Sunday, 4 February 2018

Russian Dolls 101: news of historic Australian security breaches discovered nested inside a more recent national security breach


Opps, the Australian Federal Police (AFP) permanently lost 707 Cabinet and National Security Committee documents between 2008 and August 2013.

 The general public find out about these losses approximately four to ten years later in January 2018, when mention was made of the situation in one file document within thousands of other top-secret and highly classified documents obtained by the ABC after yet another security breach involving Cabinet papers and other classified files found in old government locked filing cabinets sold at public auction in Canberra.

Even John le Carré would have thought this plot line was nigh on unbelievable - but then he didn't know our very own federal bureaucracy.

ABC News, 31 January 2018:

The Australian Federal Police (AFP) lost nearly 400 national security files in five years, according to a secret government stocktake contained in The Cabinet Files.

The Department of Prime Minister and Cabinet regularly audits all government departments and agencies that have access to the classified documents to ensure they are securely stored.

The missing documents are not the same files the ABC has obtained.

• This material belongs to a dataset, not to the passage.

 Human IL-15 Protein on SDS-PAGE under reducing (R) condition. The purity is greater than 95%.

The classified documents lost by the AFP are from the powerful National Security Committee (NSC) of the cabinet, which controls the country's security, intelligence and defence agenda.

The secretive committee also deploys Australia's military and approves kill, capture or destroy missions.

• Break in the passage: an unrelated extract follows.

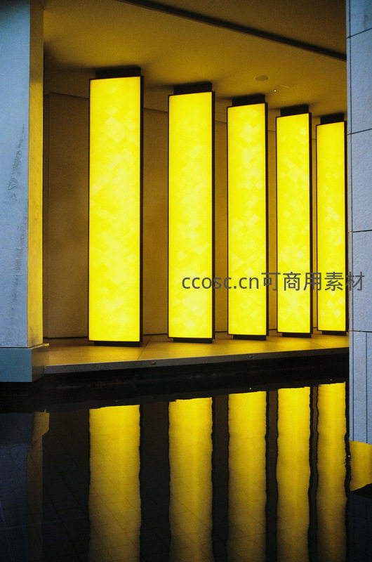 现代建筑内发光的黄色竖条灯柱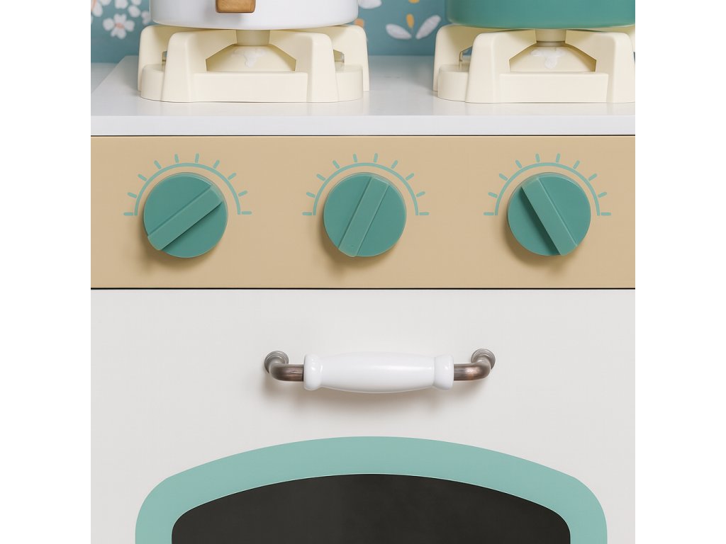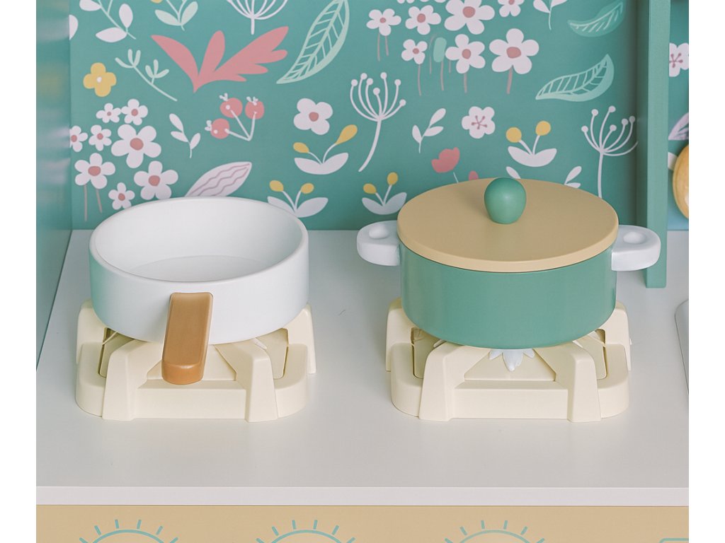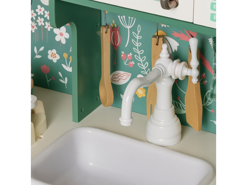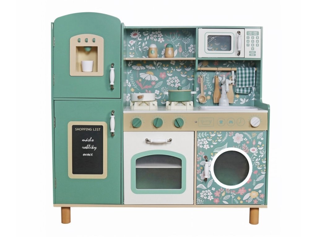 Zelená kuchyňka značky Derrson s květinovým vzorem zaujme malé i velké kuchtíky svým bohatým příslušenstvím a také originálním vzhledem ve Vintage stylu. Díky této kuchyňce budou mít vaše děti možnost ocitnout se v roli šéfkuchaře a bezpečně si vyzkoušet aktivity dospělých, které tolik touží napodobovat.

Most of its documents are marked "top secret" and "AUSTEO", which means they are to be seen by Australian eyes only.



An email exchange between the cabinet secretariat and the AFP reveals the documents were lost between 2008 and 2013……

Troop deployments in Afghanistan and Iraq, counter-terrorism operations, foreign relations and Australia's border protection were among the top-secret and sensitive issues decided in the five-year period.

The cabinet secretariat's general practice was to give up searching and write off lost documents if they could not be found after consecutive audits, according to another document in The Cabinet Files.

Of course it is only three or four years ago that nearly 5,000 secret, confidential and restricted documents from two major federal departments held in a "B Class" secure container ended up in a recycling yard in Canberra.

There was an internal inquiry at the time but that obviously didn't translate into accounting for the whereabouts of all secure containers/filing cabinets and safes holding sensitive documents.

Given the fact that Australia's public broadcaster actually had possession of documents in the latest security breach, rather belatedly the secutity services began to care about national security.


ABC News, 1 February 2018:

ASIO officers have moved to secure the thousands of top secret and classified Cabinet files obtained by the ABC, in early morning operations in Canberra and Brisbane.

Officers delivered safes to the public broadcaster's Parliament House Bureau and South Bank studios around 1:00am, just hours after the massive national security breach was revealed.

The ABC still has access to the documents, now kept in the safes, and negotiations are still underway between lawyers for the ABC and the Department of Prime Minister and Cabinet (PM&C).

The department launched an urgent investigation on Wednesday, after it was revealed the trove of documents had been discovered in two locked filing cabinets offloaded to a second-hand furniture depot in Canberra.

The Department of Prime Minister and Cabinet (PM&C) launched an urgent investigation into how the massive breach occurred, within an hour of the ABC revealing the trove of documents.

But the ABC understands the Australian Federal Police (AFP) are yet to join the inquiry.